Plantations and slavery

OakHillfront
Oak Hill Mansion

Monroe sold his small Virginia plantation in 1783 to enter law and politics. Although he owned multiple properties over the course of his lifetime, his plantations were never profitable. Although he owned much more land and many more slaves, and speculated in property, he was rarely on site to oversee the operations. Overseers treated the slaves harshly to force production, but the plantations barely broke even. Monroe incurred debts by his lavish and expensive lifestyle and often sold property (including slaves) to pay them off. The labor of Monroe's many slaves were also used to support his daughter and son-in-law, along with a ne'er-do-well brother, Andrew, and his son, James.

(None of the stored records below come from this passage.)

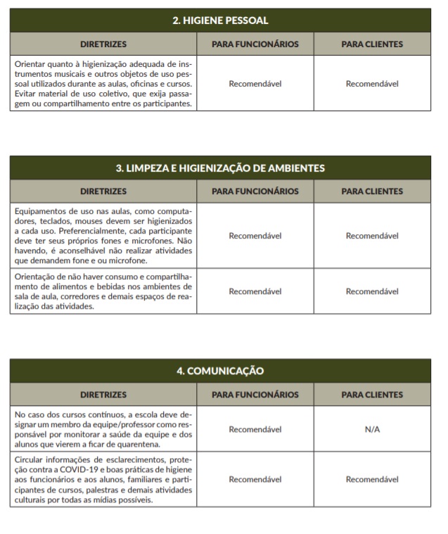 Foi disponibilizado protocolo para Escolas e cursos de formação cultural.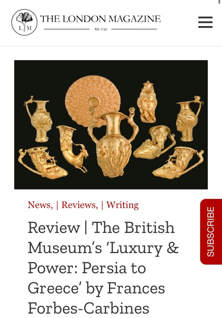Today The London Magazine published my review of the British Museum exhibition ‘Luxury and Power: Persia to Greece’.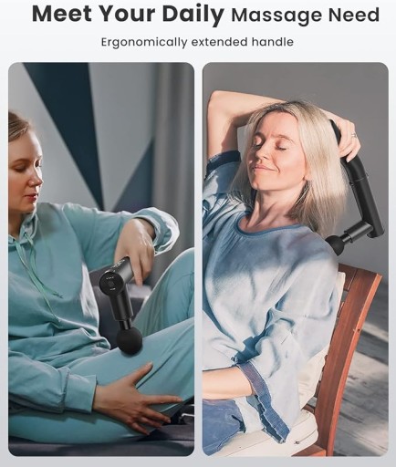 - Pistolet do masażu jest wyposażony w bezszczotkowy silnik o wysokim momencie obrotowym, który oferuje amplitudę 8 mm z siłą masażu do 30 funtów.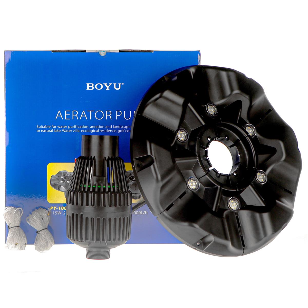 Pływający napowietrzacz fontannowy BOYU PY-10000 z oświetleniem LED proste i skuteczne rozwiązanie do wzbogacania tlenem wody w oczku wodnym, oraz aranżacją świetlną. Zasilany jest pompą o wysokiej wydajności 20000l/h i energooszczędnym silniku 115W.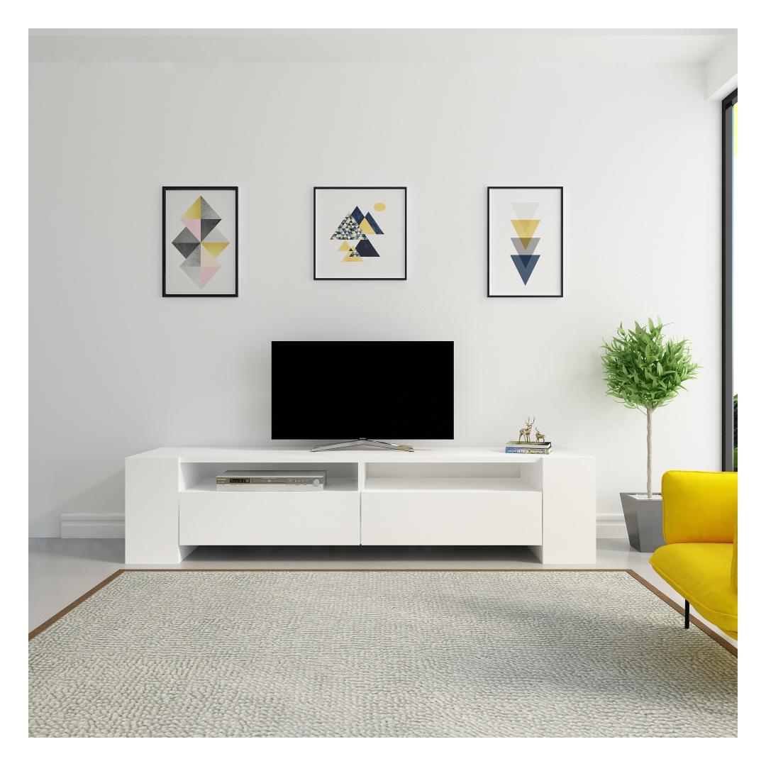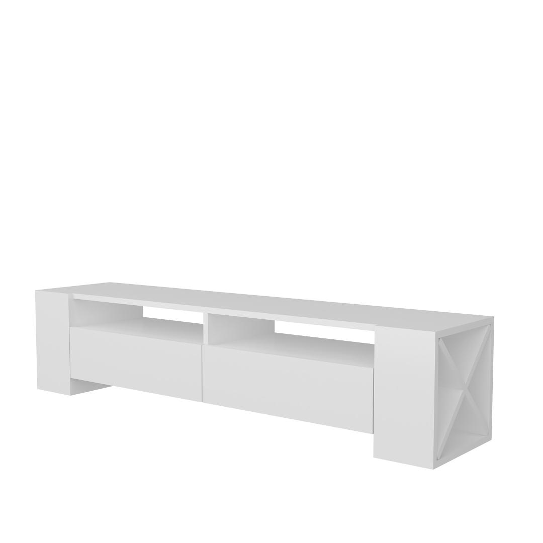 Telerialusel on elegantne valge värv, mis sulandub vaevata mis tahes sisustusstiiliga. Olenemata sellest, kas teie sisustus on minimalistlik, skandinaavialik või modernne, see televiisoripult sulandub sujuvalt teie eluruumi, lisades teie koju rafineeritust.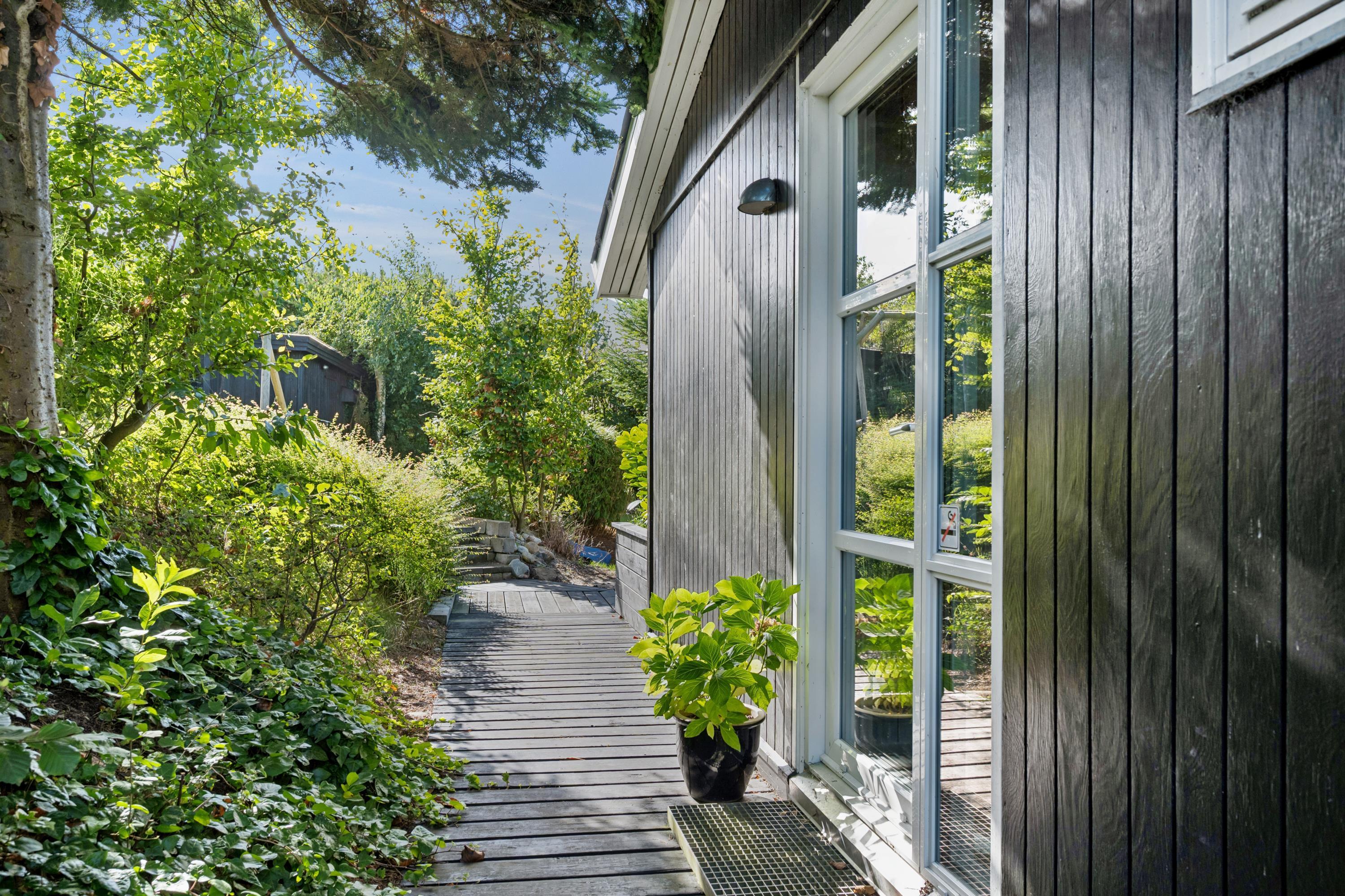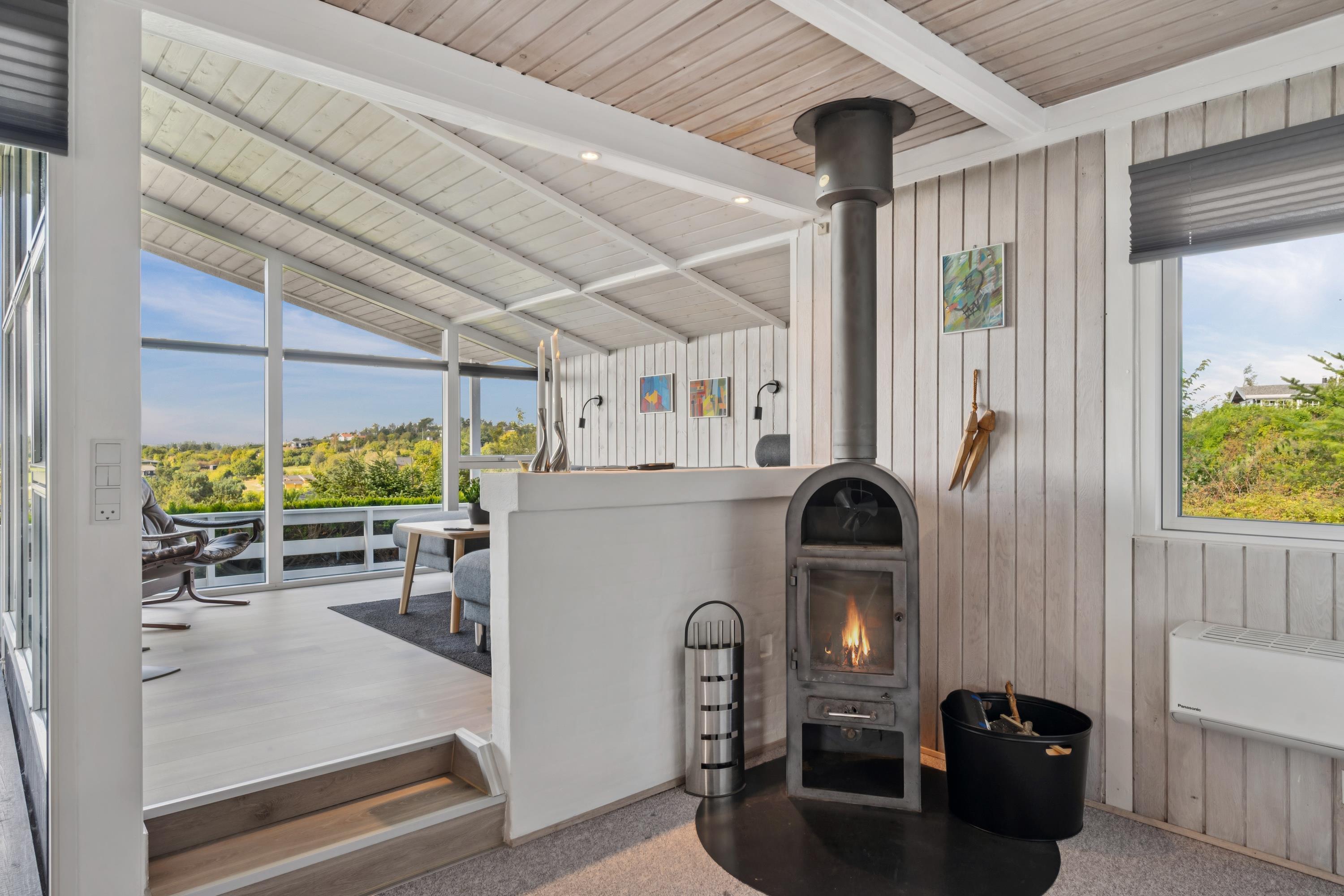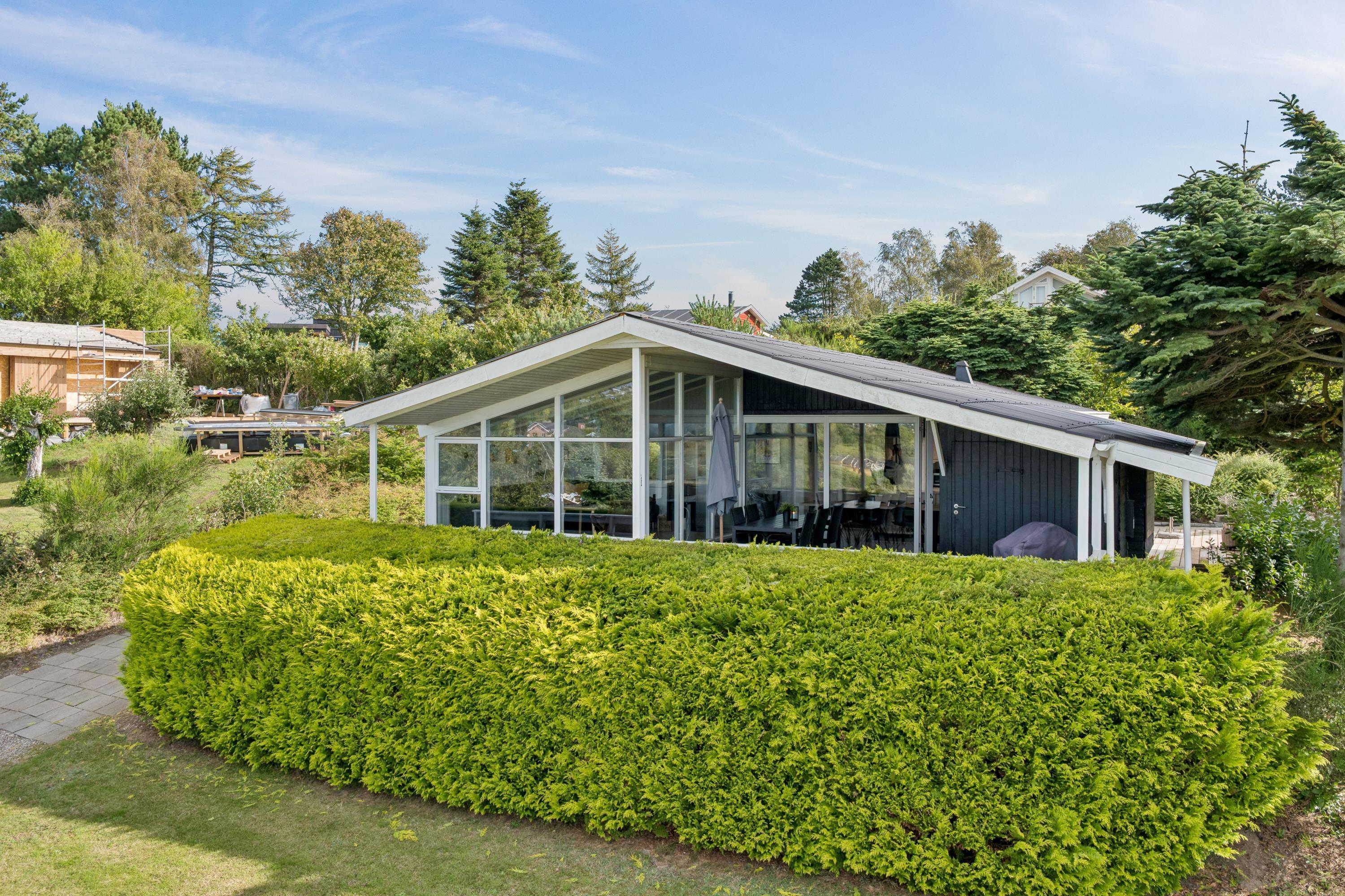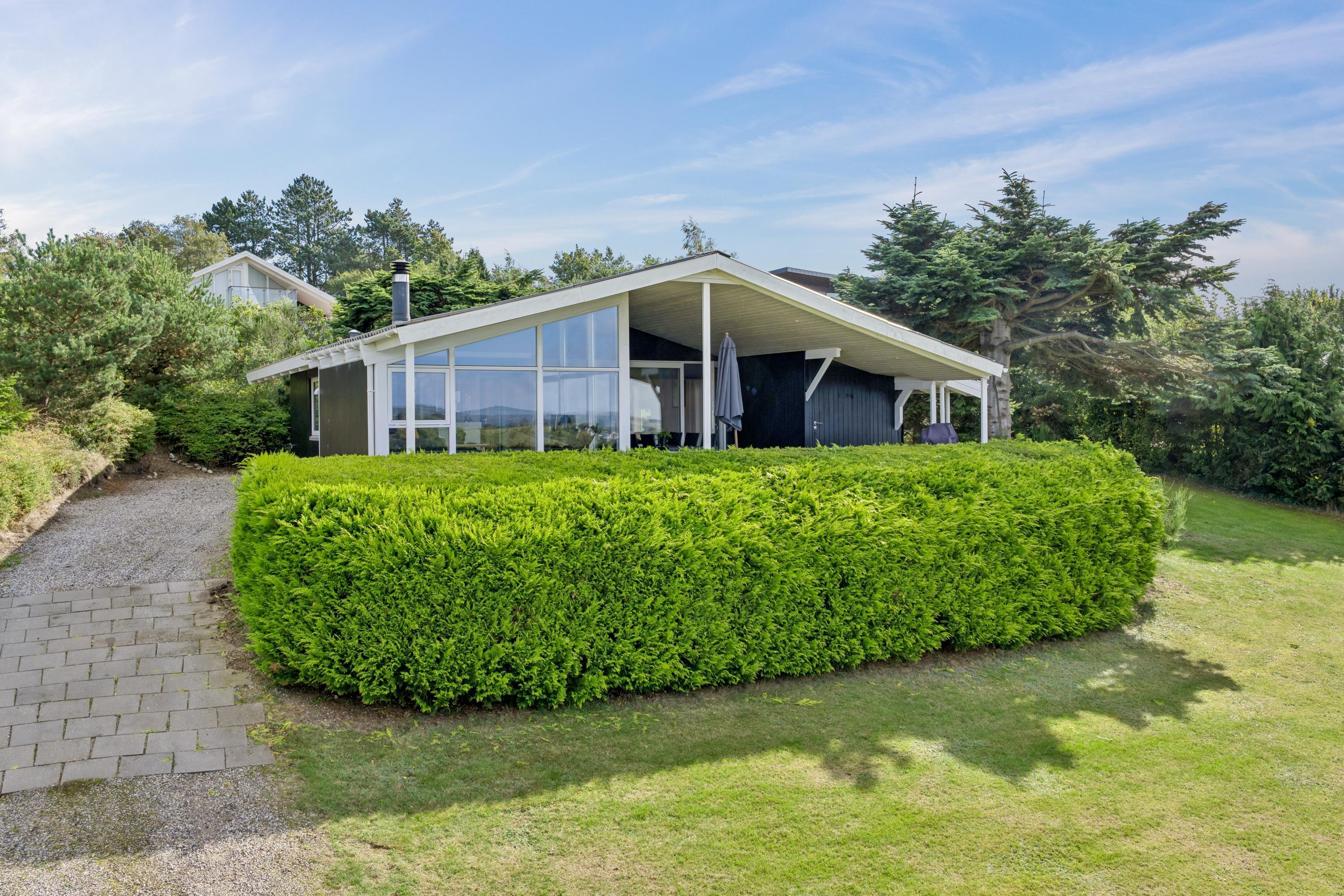 Velkommen til dette hyggelige og velholdte feriehus. Her finder man en velmøbleret opholdsstue hvorfra man har den smukkeste udsigt til vandet. Dejligt og veludstyret køkken med b.la opvaskemaskine og udgang til en skøn terrasse med havemøbler. I forbindelse med køkkenet ligger den hyggelige spisestue med brændeovn og varmepumpe og herfra er der også udgang til en terrasse som er overdækket og med havemøbler. Pænt badeværelse med bruseniche og vaskemaskine. Husets sovepladser finder man i tre gode værelser. Til de små feriegæster er der høj stol og barneseng. Huset er højtbeliggende på en velplejet grund med stor græsplæne. Der findes flere gode lækroge og terrasser med havemøbler og de små feriegæster er der også tænkt på med gynger, sandkasse og rutschebane. Er man flere familier afsted på ferie , som ønsker at være i nærheden af hinanden, så udlejer vi yderlige 5 huse på samme vej.

During the course of his presidency, Monroe remained convinced that slavery was wrong and supported private manumission, but at the same time he insisted that any attempt to promote emancipation would cause more problems. Monroe believed that slavery had become a permanent part of southern life, and that it could only be removed on providential terms. Like so many other Upper South slaveholders, Monroe believed that a central purpose of government was to ensure "domestic tranquility" for all. Yet he also believed that the central purpose of government was to empower planters like himself.

Legacy

JamesMonroeStatue
Statue of Monroe at Highland, his house near Charlottesville, Virginia

Historical reputation

Polls of historians and political scientists tend to rank Monroe as an above average president. Monroe presided over a period in which the United States began to turn away from European affairs and towards domestic issues. His presidency saw the United States settle many of its longstanding boundary issues through an accommodation with Britain and the acquisition of Florida. Monroe also helped resolve sectional tensions through his support of the Missouri Compromise and by seeking support from all regions of the country. Political scientist Fred Greenstein argues that Monroe was a more effective executive than some of his better-known predecessors, including Madison and John Adams.

Memorials

The capital of Liberia is named Monrovia after Monroe; it is the only national capital other than Washington, D.C., named after a U.S. president. Monroe is the namesake of seventeen Monroe counties. Monroe, Maine, Monroe, Michigan, Monroe, Georgia, Monroe, Connecticut, both Monroe Townships in New Jersey, and Fort Monroe are all named for him. Monroe has been depicted on U.S. currency and stamps, including a 1954 United States Postal ServiceLiberty Issue postage stamp.

Monroe was the last U.S. president to wear a powdered wig tied in a queue, a tricorne hat and knee-breeches according to the style of the late 18th century. That earned him the nickname "The Last Cocked Hat". He was also the last president who was not photographed.